The FMR1ex3.4/GUS mRNA levels assessed here closely corresponded to the levels of the earlier study in freshly extracted RNA samples4, but using the relative standard curve as opposed to the delta-Ct method. As expected we have also found a significant correlation (p = 0.028) between the FMR1ex3.4/GUS and FMR1ex13.14/GUS assays indicating that most samples had intact FMR1 mRNA (Figure 4A) despite the observed variability in rRNA quality as exemplified by the chromatographs of samples 350 and 351, with the 28S:18S ratio between 2.1 and 0.4, and RQI between 9.1 and 3.8 (Figure 4C and 4D). We have also found a significant linear correlation between FMR1ex3.4/GUS mRNA levels and the CGG expansion size, (p = 0.046) (Figure 4B) indicating the biological relevance of the data. However, there was no significant correlation between FMR1ex13.14/GUS mRNA levels and the CGG expansion size (p = 0.1) (Figure 4B).

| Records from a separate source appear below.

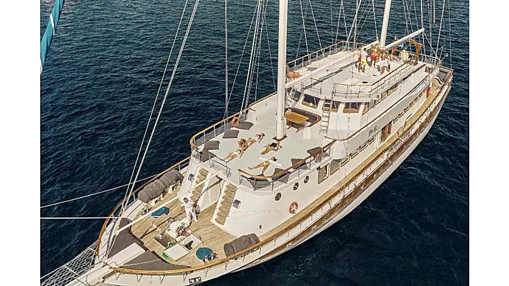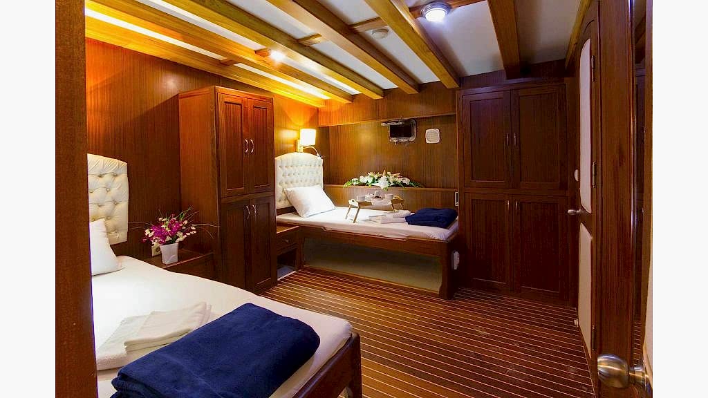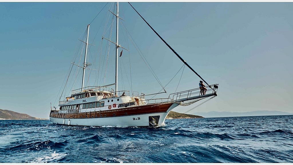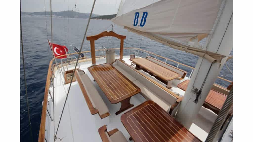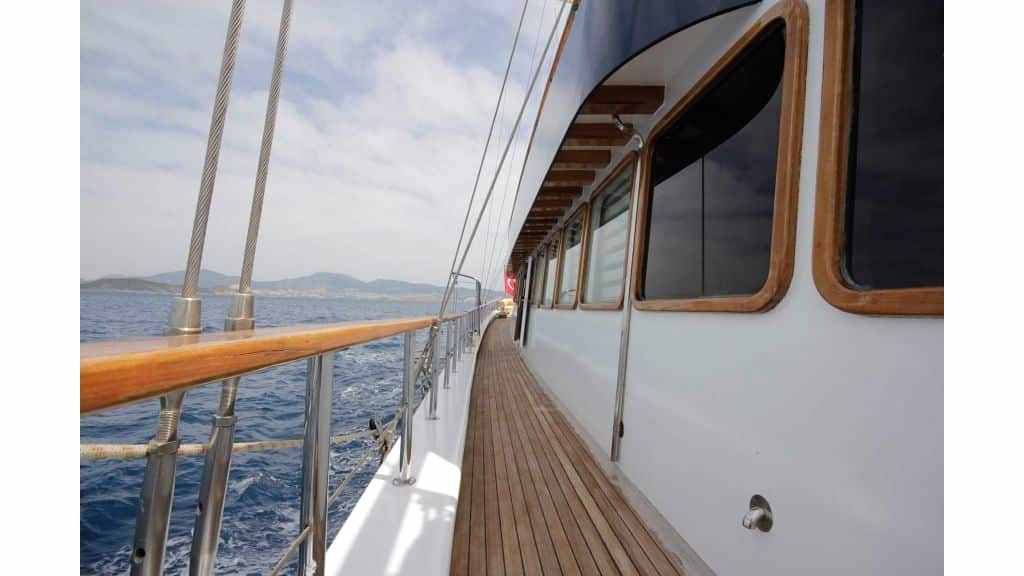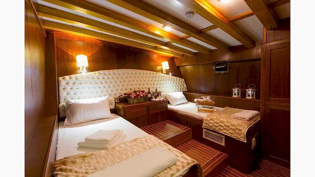 The “Boreas gulet” has 16 cabins (8 quat cabins, 4 double cabins, 1 triple cabin, 3 twin cabins) each more stylish and comfortable than the other, with its own shower, WC and air conditioning. Separate living areas for the crew, fully equipped kitchen, indoor and outdoor dining areas, relaxation areas and service bar are available. Boreas has enough sunbathing mats, chairs and service sets for all guests. In order not to be disconnected from the internet life during the holiday, we have wi-fi internet service valid within the borders of Turkish Waters on our boat. For the guests, optional water sports such as wakeboard, ringo, water ski are available.
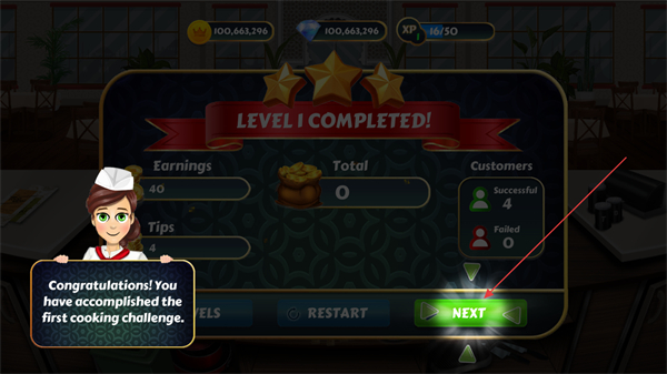 4、完成當前關卡的所有顧客訂單后,點擊NEXT按鈕進入下一關。
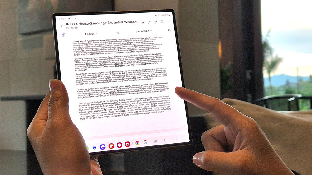 Tips lain dari Andira yang membuatnya bisa produktif banget menggunakan Galaxy Z Fold6 karena dia bisa menerjemahkan dokumen dengan bahasa asing dalam hitungan detik. Kesulitan tersebut ditemukan Andira karena selama ini dirinya kerap berkolaborasi dengan para foreign investors untuk mendukung aplikasi kesehatan yang sedang dikembangkan.
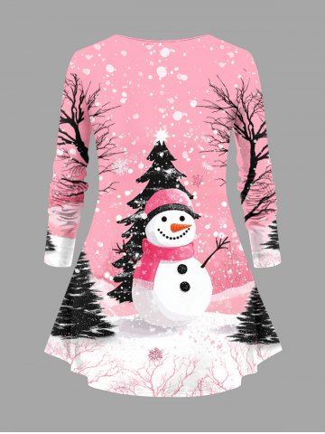 Plus Size Christmas Tree Snowman Snowflake Print Long Sleeves T-shirt - Light Pink - S
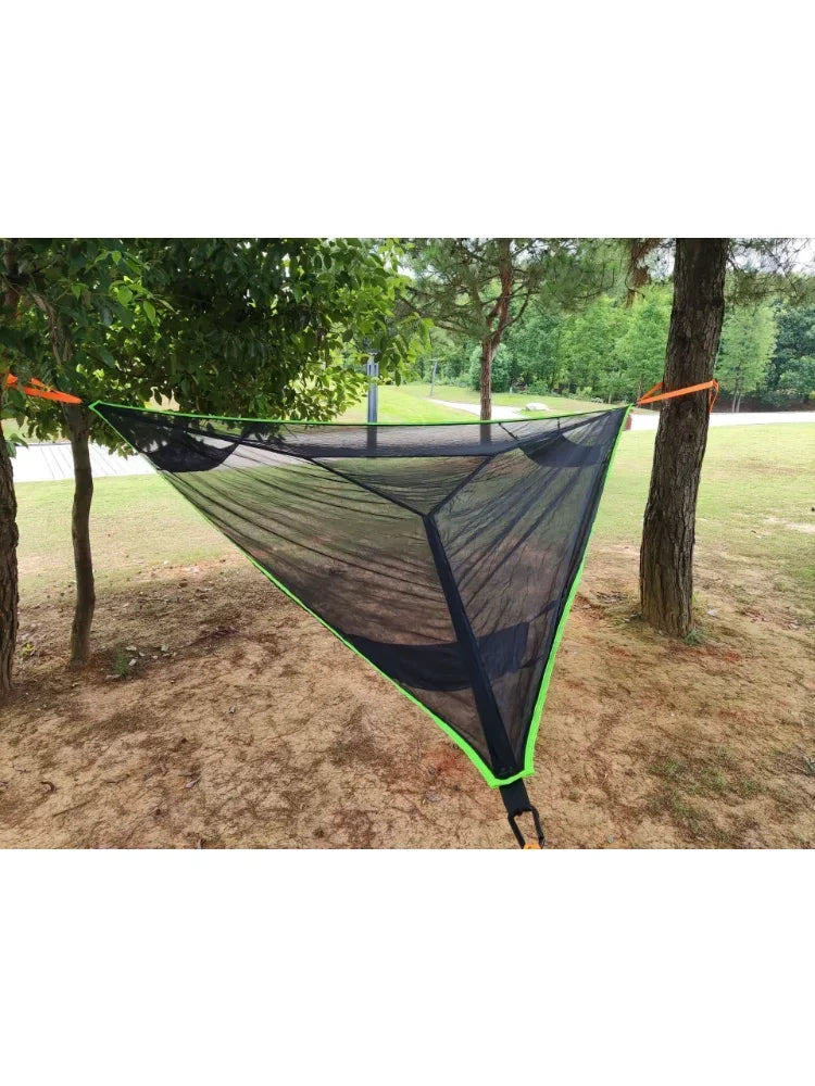 The Triangle Hammock is a versatile outdoor solution designed to accommodate 3 to 5 people, making it ideal for camping, cycling, or beach outings. Crafted from durable mesh material, this portable hanging tent ensures breathability and comfort while providing a secure sleeping space. Its lightweight design allows for easy transport, fitting seamlessly into car trips or self-driving adventures. Enjoy the convenience of a spacious sleeping bed or a relaxing mat, perfect for any outdoor setting.
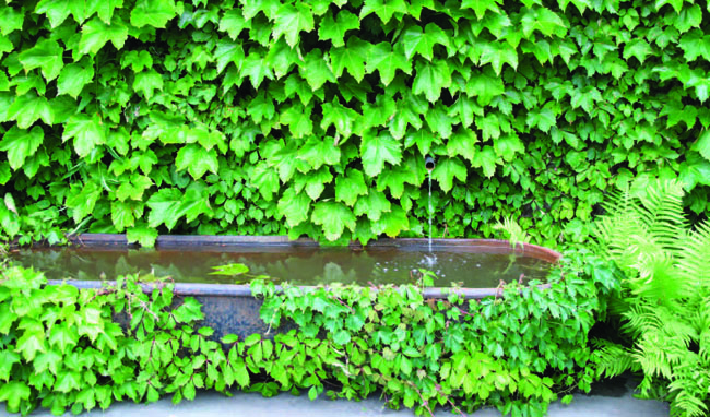 Abundant Beauty | An English cast-iron trough enveloped in Boston ivy.
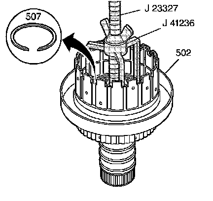 4. Compress the coast clutch return spring retainer (506). Use the J 41236 and J 23327 or equivalent.
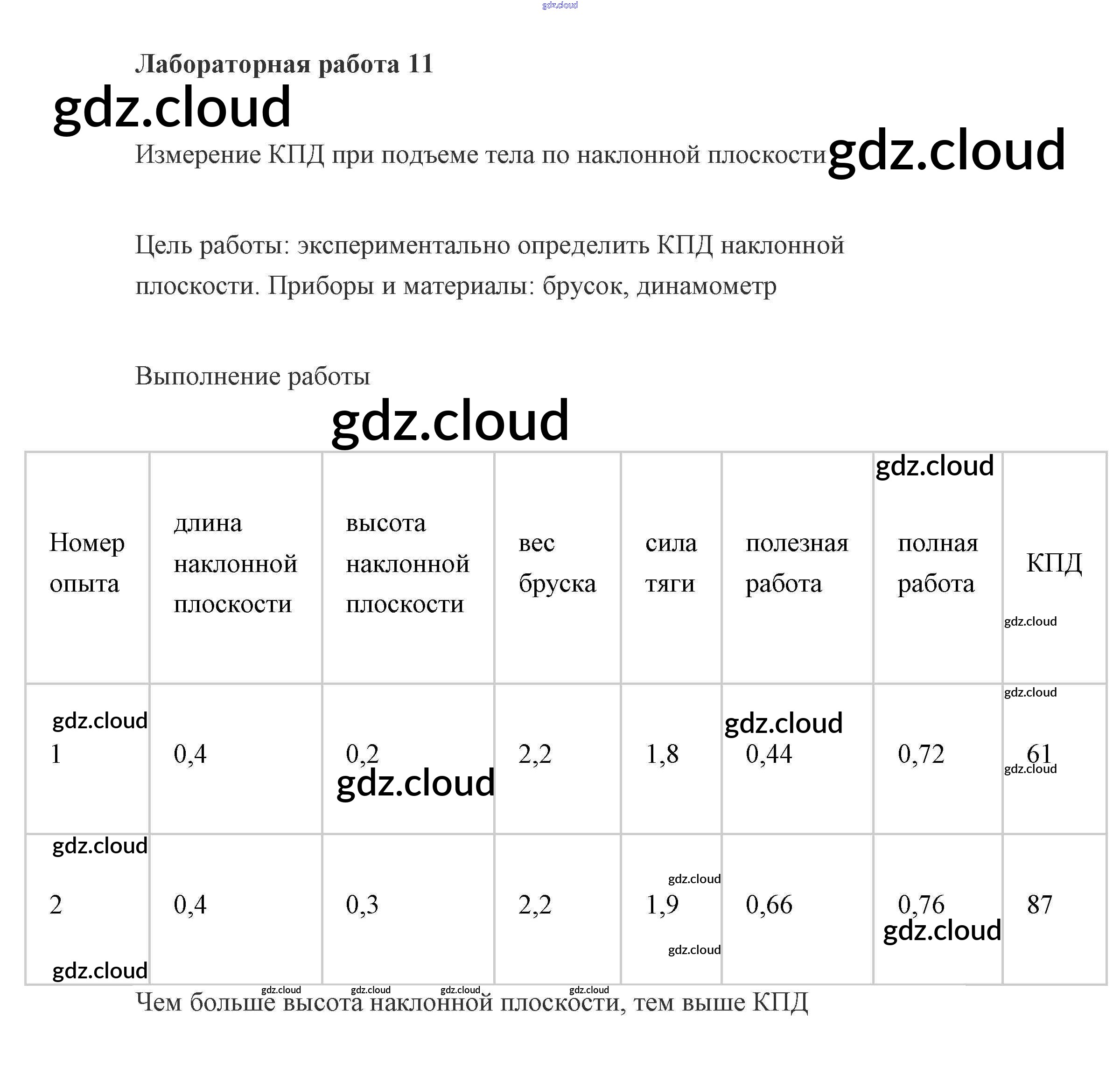 Ответы к лабораторным работам по Физике 7 класс Учебник Пурышева Дрофа

A number of samples (samples 339, 354, 358 and 360 – colour coded), did not follow the common pattern of correlation between the FMR1ex3.4/GUS and FMR1ex13.14/GUS assays (Figure 4A), and the FMR1ex3.4/GUS and FMR1ex13.14/GUS assays with the CGG expansion size (Figure 4B). Two of these samples, 339 and 360 were also outliers for rRNA quality assessment with the 28S:18S ratios of 3.3 and 0.24, and RQI values of 10 and 3, respectively (Figure 4D). Furthermore, there was no uniform correlation between rRNA integrity and FMR1 mRNA quality for both the FMR1ex3.4/GUS and FMR1ex13.14/GUS assays in these samples. Each of these samples appeared to be significantly affected at either the 5' or 3' sites (Figure 4A, B and 4C). Only one sample (360), with poor rRNA profile, appeared to have FMR1 mRNA integrity compromised at both the 5' and 3' sites (Figure 4B and 4D). The confounding impact of these outliers was minimized when the data for the FMR1 mRNA 3' and 5' end analyses were combined, as the significance of the FMR1 correlation with CGG expansion size increased to p = 0.018.